The “Multiprocessing vs. Threading in Python: What you need to know” mentioned above is a single process multiple thread(streams) approach that can bring the best performance.

If multiple process concurrency is needed for a non-virtualization enviroment, MPS is an option. Please refer to this link for more information: [Multiprocessing vs. Threading in Python: What you need to know.]https://on-demand.gputechconf.com/gtc/2014/presentations/S4158-cuda-streams-best-practices-common-pitfalls.pdf

hi, sorry for delayed response

  1. Bare-metal, one server. We are the only consumer for that server
  2. What do you mean be “three applications”? There is only 1 application. function(X1), function(X2), function(X3) are examples of 3 different inputs into the function that will be run in a for-loop. There will be far more than X3…likely hundreds going to function(X100). However all inputs will be in the same data structure of course.

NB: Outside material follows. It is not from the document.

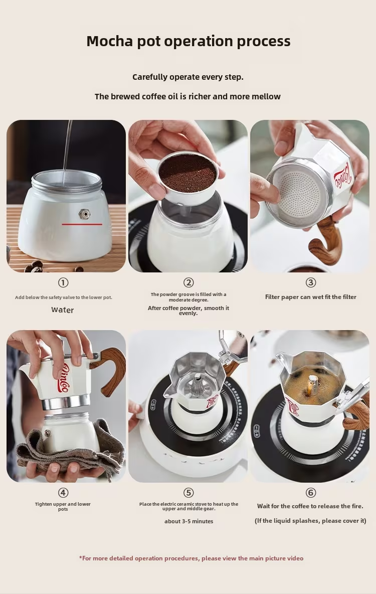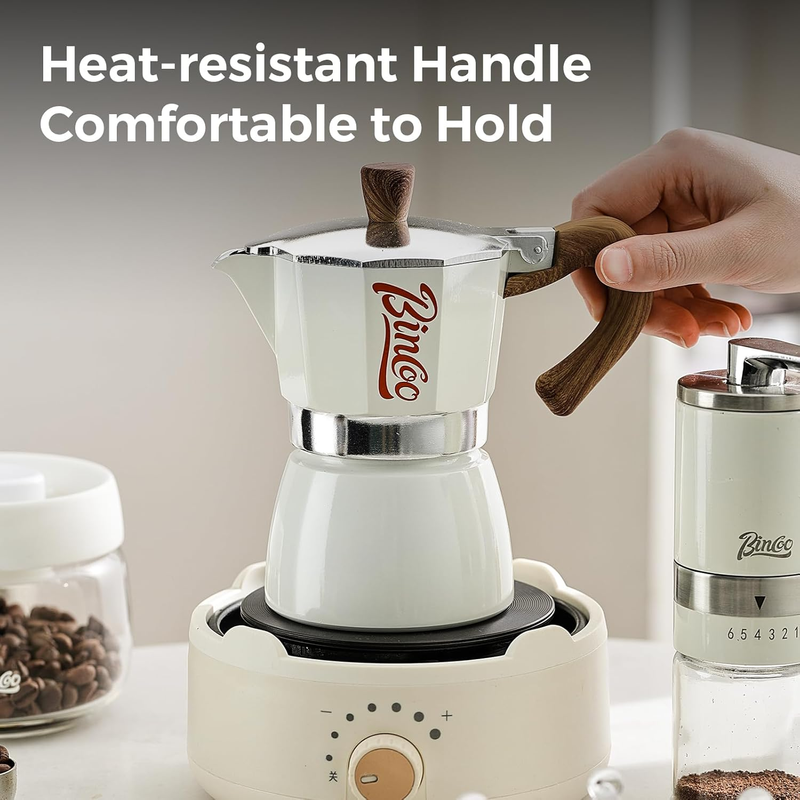 【Multi-Stove Compatibility】Crafted from durable polished aluminum with excellent heat conductivity, this stovetop espresso maker works seamlessly with gas stoves, electric ceramic stoves, and propane camping stoves.

We’re investigating MPS as multiple process concurrency is needed for a non-virtualization enviroment. Can you confirm that parallelizing this to an indefinite # of processes on the GPU will be ok? We don’t want to re-set the parameters if 50 processes (of the same function(X)) need to bne parallelized instead of 3. The number of required parallelizations will change hourly

What is the Function? CUDA Gemm Kernel? Thread-Level program? Process-level program?

I believe its a process-level program. Pseudo-code below:

inputs = [{“field 1: “string”, “field 2” : [array], “field 3: {“field 3.a”: “string”, “field 3.b” : string”}},
{“field 1: “string”, “field 2” : [array], “field 3: {“field 3.a”: “string”, “field 3.b” : string”}},
{“field 1: “string”, “field 2” : [array], “field 3: {“field 3.a”: “string”, “field 3.b” : string”}},
{“field 1: “string”, “field 2” : [array], “field 3: {“field 3.a”: “string”, “field 3.b” : string”}}]

^inputs array will have ever expanding number of elements- each element will have same structure

for input in inputs:
	function(input)

previously I wrote output = function(input). That’s misleading- the function doesn’t return anything.
Function is actually a several functions/methods that must execute sequentially. So real code is :

for input in inputs:
     output1 = function1(input) #pre-processing (CPU heavy)
	 output2 = function2(output1) #read data from MongoDB
	 output3 = function3(output1 , output2) #processing (GPU heavy)
	 function4(output3) #insert new data into MongoDB

Functions 1-4 must run sequentially for each input, but we want to parallelize the for-loop so the function1-4 process for each input kicks off either together or in rapid succession without waiting for function4 for each preceding input element/index to finish.

**when comparing to my original post, each input (input1, input 2, etc) is X1, X2, etc

Considering you own the source code and these are inside on process(program), I would recommend using multiple threads to launch the sequential functions with different CUDA Streams. Therefore the multiple threads(CUDA Stream) can execute on GPU concurrently.

Back to the last question you mention about MPS - Yes, MPS supports multiple clients(launch), The pre-Volta MPS Server supports up to 16 client CUDA contexts per-device concurrently. Volta MPS server supports 48 client CUDA contexts per-device.